> _REQUIREMENT_
Write out every single entry exactly.
INFORMATION SUPPLIED: Begin
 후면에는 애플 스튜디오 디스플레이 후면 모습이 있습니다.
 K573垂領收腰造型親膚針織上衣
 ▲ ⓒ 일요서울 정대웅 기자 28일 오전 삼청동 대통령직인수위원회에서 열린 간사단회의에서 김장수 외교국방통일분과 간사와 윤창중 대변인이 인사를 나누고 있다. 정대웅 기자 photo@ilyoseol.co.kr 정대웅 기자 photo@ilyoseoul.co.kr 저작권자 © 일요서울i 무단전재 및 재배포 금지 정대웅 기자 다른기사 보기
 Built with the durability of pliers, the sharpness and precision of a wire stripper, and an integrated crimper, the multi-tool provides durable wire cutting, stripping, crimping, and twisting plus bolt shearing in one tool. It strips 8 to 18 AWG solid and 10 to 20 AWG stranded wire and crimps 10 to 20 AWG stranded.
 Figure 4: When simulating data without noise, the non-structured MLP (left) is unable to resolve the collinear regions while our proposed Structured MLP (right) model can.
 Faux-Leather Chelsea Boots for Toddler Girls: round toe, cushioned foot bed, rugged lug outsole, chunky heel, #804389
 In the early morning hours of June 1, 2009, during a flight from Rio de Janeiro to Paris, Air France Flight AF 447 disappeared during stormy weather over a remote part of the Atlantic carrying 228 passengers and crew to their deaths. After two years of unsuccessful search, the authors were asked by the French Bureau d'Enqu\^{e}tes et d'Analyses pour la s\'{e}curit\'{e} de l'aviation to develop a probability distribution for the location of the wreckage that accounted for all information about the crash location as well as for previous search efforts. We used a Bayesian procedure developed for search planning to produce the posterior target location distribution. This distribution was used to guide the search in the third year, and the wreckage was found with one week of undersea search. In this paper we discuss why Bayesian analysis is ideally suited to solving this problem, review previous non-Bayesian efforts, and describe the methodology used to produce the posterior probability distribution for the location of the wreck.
INFORMATION SUPPLIED: End
> _EXERCISE OUTPUT_
 후면에는 애플 스튜디오 디스플레이 후면 모습이 있습니다.
 K573垂領收腰造型親膚針織上衣
 ▲ ⓒ 일요서울 정대웅 기자 28일 오전 삼청동 대통령직인수위원회에서 열린 간사단회의에서 김장수 외교국방통일분과 간사와 윤창중 대변인이 인사를 나누고 있다. 정대웅 기자 photo@ilyoseol.co.kr 정대웅 기자 photo@ilyoseoul.co.kr 저작권자 © 일요서울i 무단전재 및 재배포 금지 정대웅 기자 다른기사 보기
 Built with the durability of pliers, the sharpness and precision of a wire stripper, and an integrated crimper, the multi-tool provides durable wire cutting, stripping, crimping, and twisting plus bolt shearing in one tool. It strips 8 to 18 AWG solid and 10 to 20 AWG stranded wire and crimps 10 to 20 AWG stranded.
 Figure 4: When simulating data without noise, the non-structured MLP (left) is unable to resolve the collinear regions while our proposed Structured MLP (right) model can.
 Faux-Leather Chelsea Boots for Toddler Girls: round toe, cushioned foot bed, rugged lug outsole, chunky heel, #804389
 In the early morning hours of June 1, 2009, during a flight from Rio de Janeiro to Paris, Air France Flight AF 447 disappeared during stormy weather over a remote part of the Atlantic carrying 228 passengers and crew to their deaths. After two years of unsuccessful search, the authors were asked by the French Bureau d'Enqu\^{e}tes et d'Analyses pour la s\'{e}curit\'{e} de l'aviation to develop a probability distribution for the location of the wreckage that accounted for all information about the crash location as well as for previous search efforts. We used a Bayesian procedure developed for search planning to produce the posterior target location distribution. This distribution was used to guide the search in the third year, and the wreckage was found with one week of undersea search. In this paper we discuss why Bayesian analysis is ideally suited to solving this problem, review previous non-Bayesian efforts, and describe the methodology used to produce the posterior probability distribution for the location of the wreck.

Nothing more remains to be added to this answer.